Para Natalia Pasternak, microbiologista e presidente do Instituto Questão de Ciência, os resultados são promissores e preliminares. “Eles fizeram uma boa fase 1. Usaram uma estratégia interessante, com dois adenovírus diferentes. Funcionou bem, eles conseguiram uma boa resposta de anticorpos compatível com pessoas que já tiveram a doença. Investigaram também linfócitos T e tiveram uma boa resposta”, explica. A vacina russa usa vírus modificados para transportar material genético do coronavírus e induzir resposta imune do corpo.

Ela ressalta que a fase 1 teve um número pequeno de participantes, a maioria homens jovens, e que as próximas fases precisam de mais diversidade. “Por enquanto são resultados promissores. A vacina não deu efeitos colaterais graves, deu uma boa resposta, bons marcadores de imunidade”, completa a microbiologista.

Estudos prévios mostram que uma imunidade duradoura está mais relacionada à imunidade celular, e não ao anticorpo que circula no sangue. Isso não é um fato novo dessa vacina, mas prova que ela gera essa imunidade celular”, avalia Croda.

O especialista diz que o estudo publicado na revista científica mostra que a vacina russa parece produzir um nível de anticorpos um pouco menor do que a vacina de Oxford, que está sendo testada no Brasil. "Mas, definitivamente, só depois dos resultados da fase 3 de testes a gente vai poder comparar essas diferentes tecnologias", fala Croda.

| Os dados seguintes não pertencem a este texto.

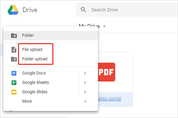 方法 5:借助谷歌云端硬盘,无需 USB 线将电脑数据传输至安卓手机除了上述方法,谷歌云端硬盘这类云存储工具也能实现无 USB 线传输。先在电脑上登录谷歌云端硬盘,将需要传输的文件上传至云端,再在安卓手机上登录同一账号,即可下载这些文件。 请注意,两次登录的谷歌账号必须保持一致。(如果遇到谷歌云端硬盘在安卓设备上无法使用的问题,可参考相关解决方案解决。) 借助谷歌云端硬盘传输文件的具体步骤:

O presidente da Sociedade Brasileira de Imunizações, Renato Kfouri, diz que o resultado é importante, mas ressalta que ainda falta a fase 3, em que a vacina é testada em um grande número de pessoas.

 

"Apesar de ter sido um estudo com poucos voluntários, ela mostrou segurança, mostrou que produz anticorpos e credencia a vacina para um estudo mais avançado de eficácia. Hoje a vacina pode ser categorizada como candidata, mas depende do estudo de fase 3", diz Kfouri.

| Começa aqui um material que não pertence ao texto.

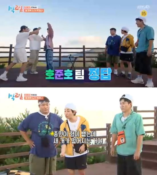 28일 방송된 KBS 2TV '1박 2일 시즌4'에서는 김종민이 고추냉이 망개떡에 연기력을 폭발시키는 모습이 전파를 탔다.

Os cientistas do Instituto Gamaleya, que desenvolveu a vacina, disseram à imprensa que essa resposta foi maior do que a vista em pacientes que foram infectados e se recuperaram do novo coronavírus naturalmente.

A vacina russa foi testada em 76 pessoas. Todas receberam uma forma da vacina, sem grupo de controle (grupo de pessoas que não recebem a vacina, mas servem de comparativo com aquelas que tomaram).

Além disso, os resultados também sugerem que a vacina produz uma resposta das células T, um tipo de célula de defesa do corpo, dentro de 28 dias. As células T têm, entre outras funções, destruir células infectadas por um vírus. Os cientistas do Gamaleya afirmaram que as respostas de células T vistas com a vacina indicam não só uma resposta imune forte, mas de longo prazo.

 

Etapas

 

As fases 1 e 2 dos testes de uma vacina buscam verificar a eficácia e a segurança delas, ainda com menos participantes que a fase 3. Normalmente, os testes de fase 1 têm dezenas de voluntários, os de fase 2, centenas, e os de fase 3, milhares.

Na fase 3, o objetivo dos testes é verificar a eficácia em larga escala. Nesta etapa, a Rússia pretende chamar 40 mil voluntários. As fases costumam ser conduzidas separadamente, mas, por causa da urgência dos resultados, várias vacinas têm sido testadas simultaneamente em mais de uma fase.